Work order:
Within the lines below, the span from the line with "图13 早期良渚城内布局(数字高程图)" to the line with "3LDK(62.13m²)└ 1階:LDK13帖 洋室6帖 洋室6帖 洋室4.5帖", both ends included, is to be reproduced exactly, with pictures omitted.

____________

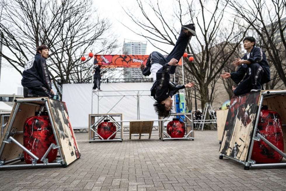 和太鼓の音色に合わせて披露されるオブスタクルややぐらを使った豪快なアクロバットの数々に観客たちは目を奪われ、代々木公園に偶然訪れた観光客や通行人も足を止めるなど多くの人々が日本最高峰のパフォーマンスに息を呑んで見届けた。
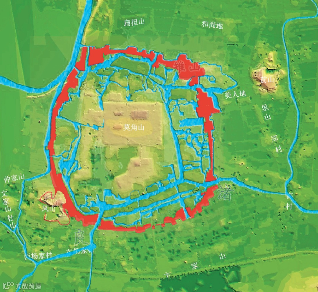 图13 早期良渚城内布局(数字高程图)
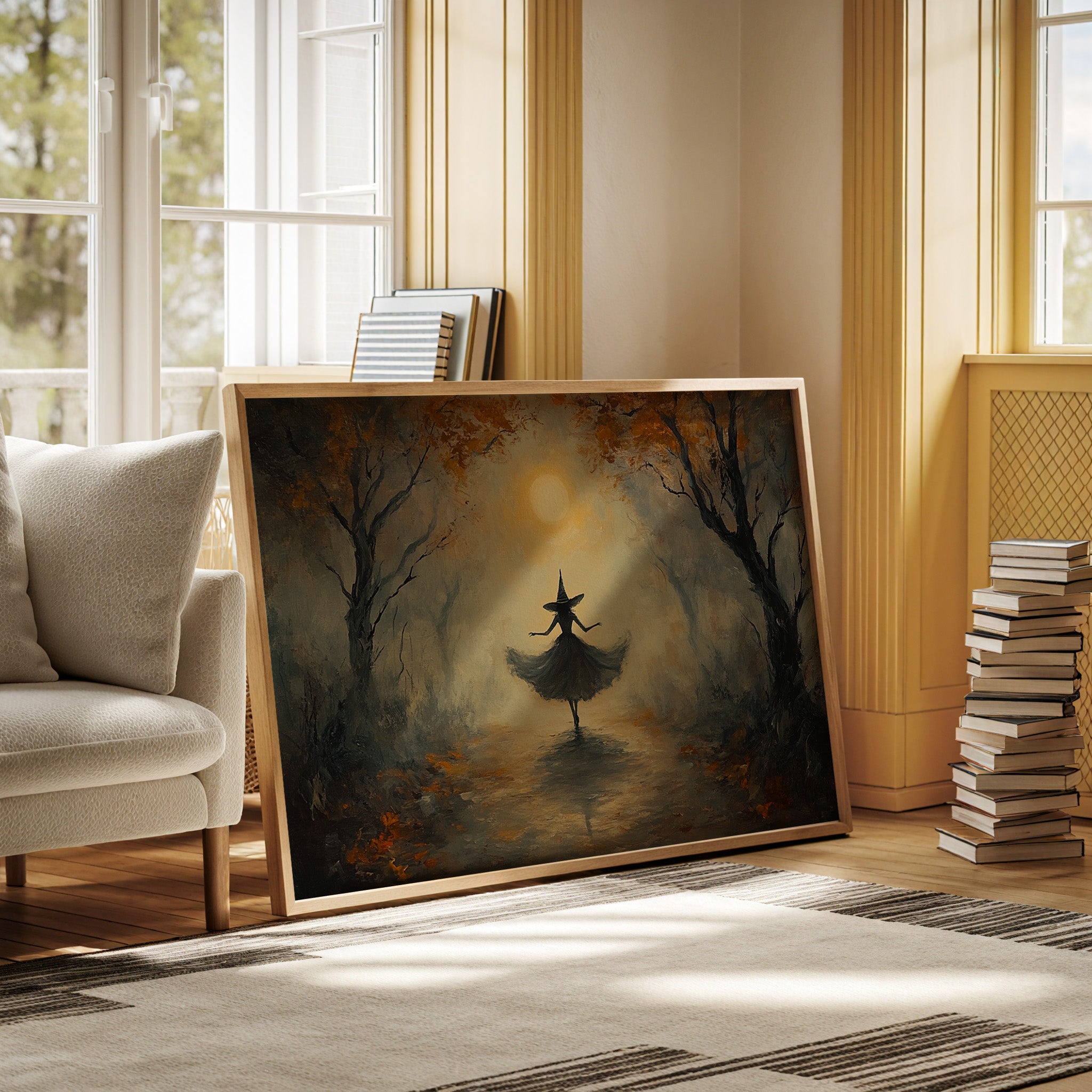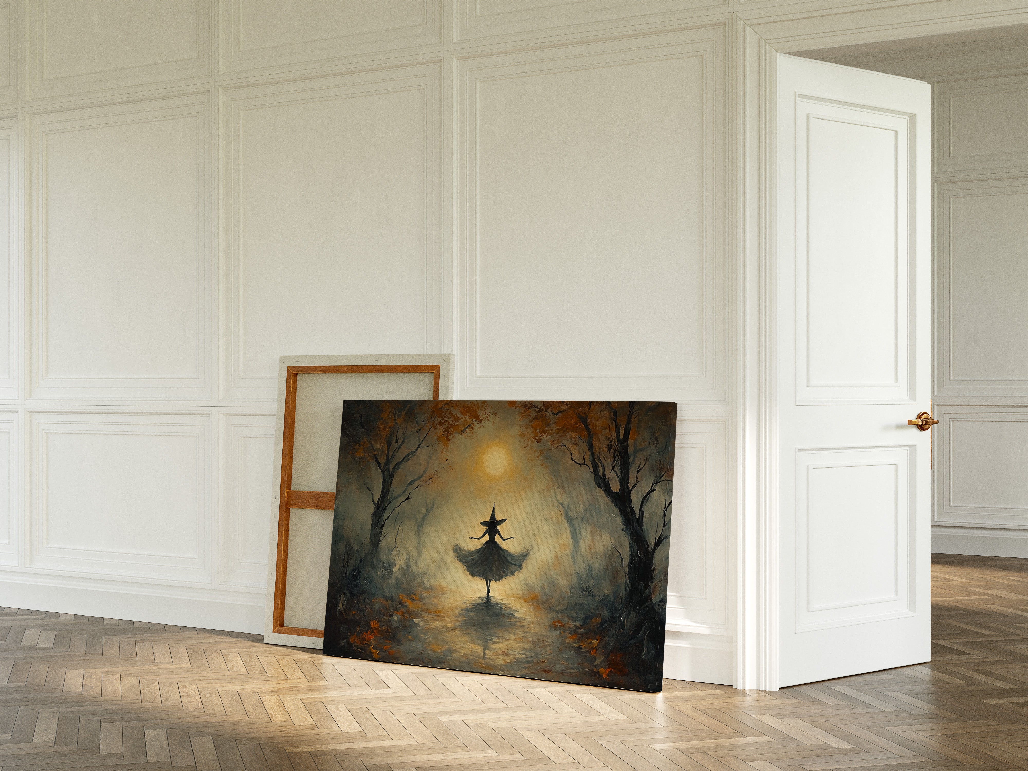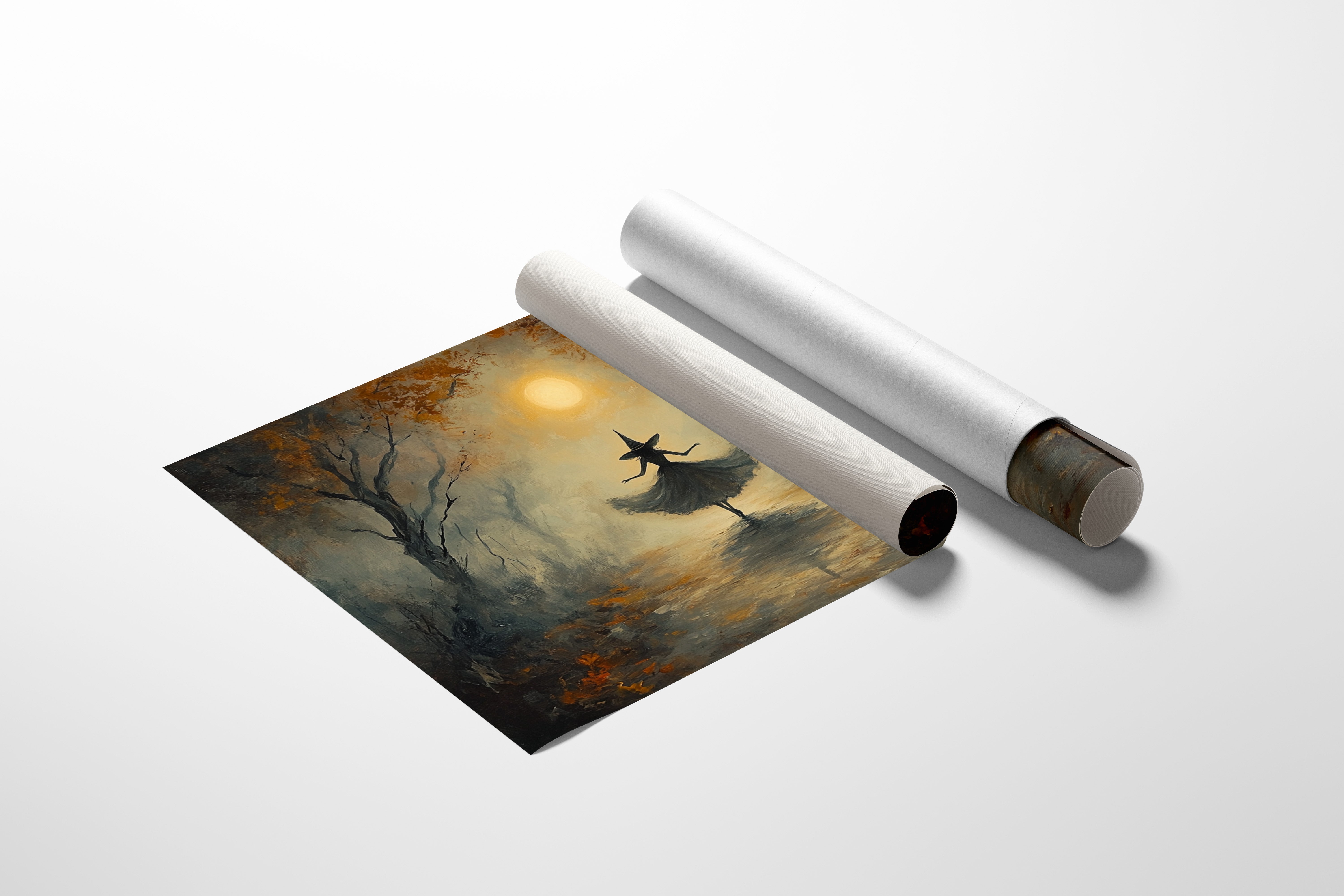 A solitary figure twirls beneath a luminous harvest moon, her dress flowing like midnight silk against the golden sky. Dark trees frame the scene, their branches reaching with gnarled fingers while autumn leaves scatter in burning orange hues. The mysterious dancer casts a delicate reflection on the misty ground, creating an ethereal mirror between earth and sky. This enchanting scene captures a moment of pure magic, where reality blends with fantasy in the depths of an October evening. Perfect for adding a touch of whimsical mystery to a reading nook, bedroom, or any space meant for dreaming.
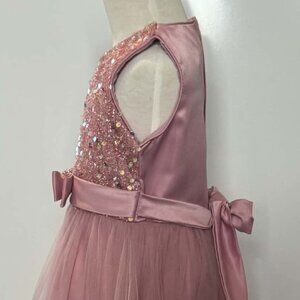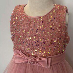 NEW Girls party dress with a shimmering sequin bodice, satin bow waist, and layered tulle skirt. Comes from dog friendly and smoke free home. International size 120. US size 6.
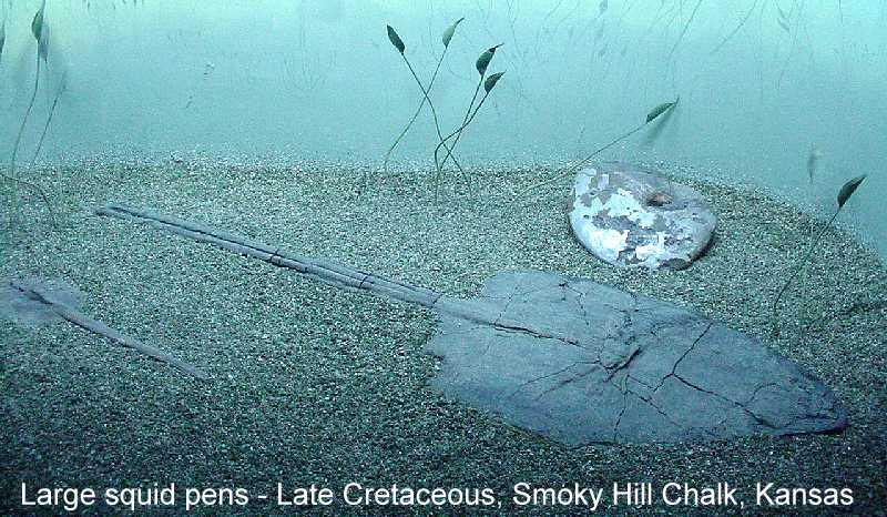 附注:箭石中一直存活的品种,直至白垩纪行将结束,它在称为“箭石坟场”的地方大量存在。
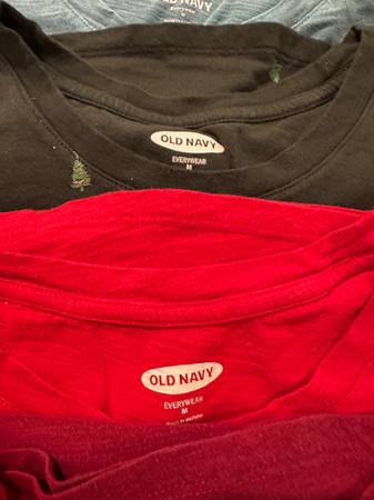 6 Old Navy Tees. Excellent condition. No rips, tears, stains or fading. Colors are red, maroon, dark green with Christmas trees, turquoise and two mauve. Size Medium. All 6 for $25
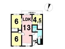 3LDK(62.13m²)└ 1階:LDK13帖 洋室6帖 洋室6帖 洋室4.5帖
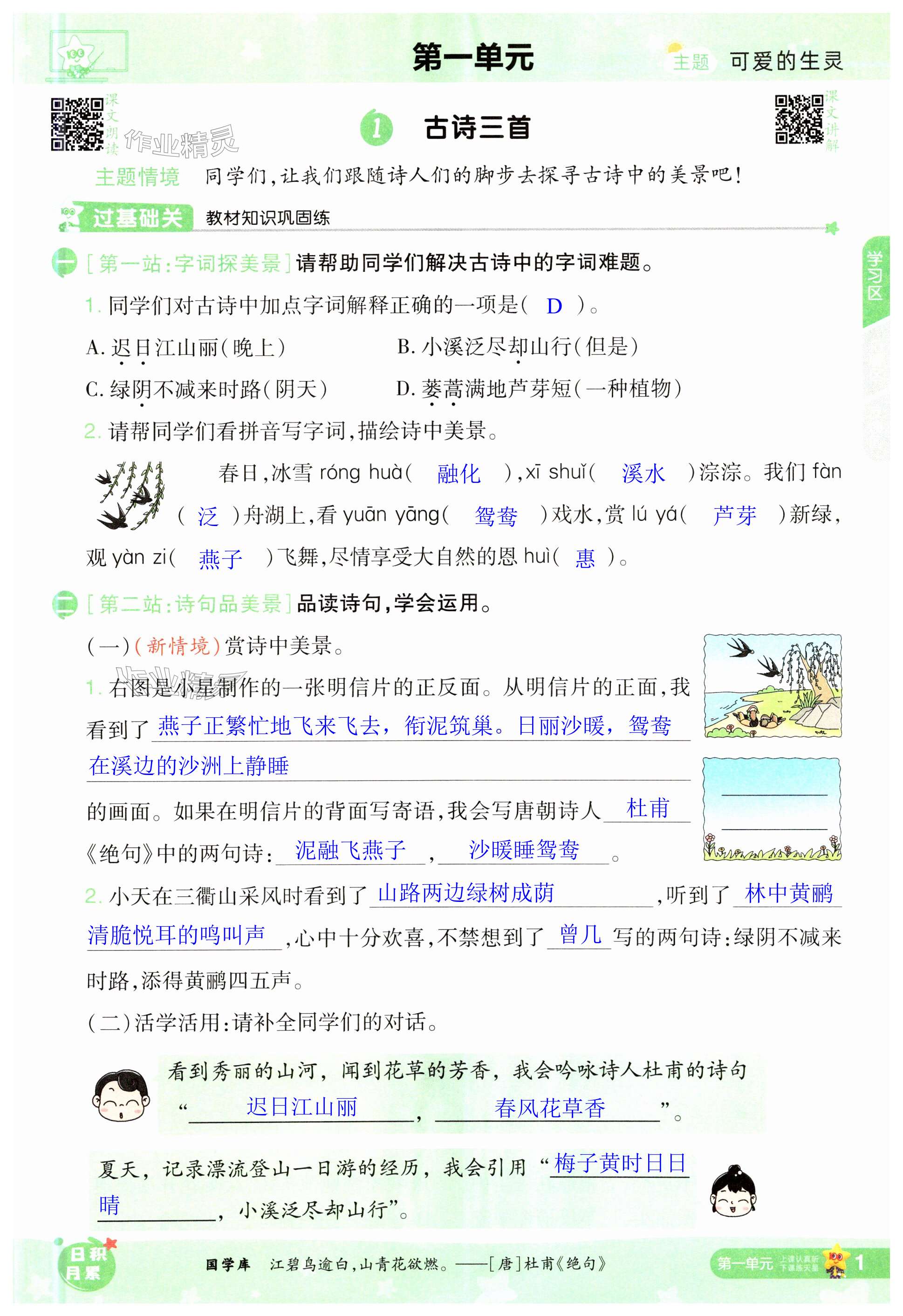 注:目前有些书本章节名称可能整理的还不是很完善,但都是按照顺序排列的,请同学们按照顺序仔细查找。练习册 2025年一遍过三年级语文下册人教版 答案主要是用来给同学们做完题方便对答案用的,请勿直接抄袭。
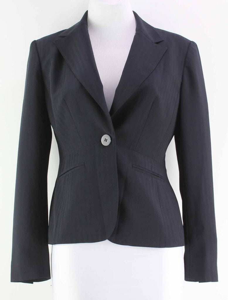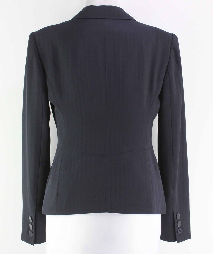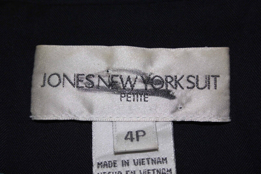 Jones New York Suit Sz 4P Black Poly Blend Herringbone Stripe Lined Blazer

____________

Exercise result:
 图13 早期良渚城内布局(数字高程图)
 A solitary figure twirls beneath a luminous harvest moon, her dress flowing like midnight silk against the golden sky. Dark trees frame the scene, their branches reaching with gnarled fingers while autumn leaves scatter in burning orange hues. The mysterious dancer casts a delicate reflection on the misty ground, creating an ethereal mirror between earth and sky. This enchanting scene captures a moment of pure magic, where reality blends with fantasy in the depths of an October evening. Perfect for adding a touch of whimsical mystery to a reading nook, bedroom, or any space meant for dreaming.
 NEW Girls party dress with a shimmering sequin bodice, satin bow waist, and layered tulle skirt. Comes from dog friendly and smoke free home. International size 120. US size 6.
 附注:箭石中一直存活的品种,直至白垩纪行将结束,它在称为“箭石坟场”的地方大量存在。
 6 Old Navy Tees. Excellent condition. No rips, tears, stains or fading. Colors are red, maroon, dark green with Christmas trees, turquoise and two mauve. Size Medium. All 6 for $25
 3LDK(62.13m²)└ 1階:LDK13帖 洋室6帖 洋室6帖 洋室4.5帖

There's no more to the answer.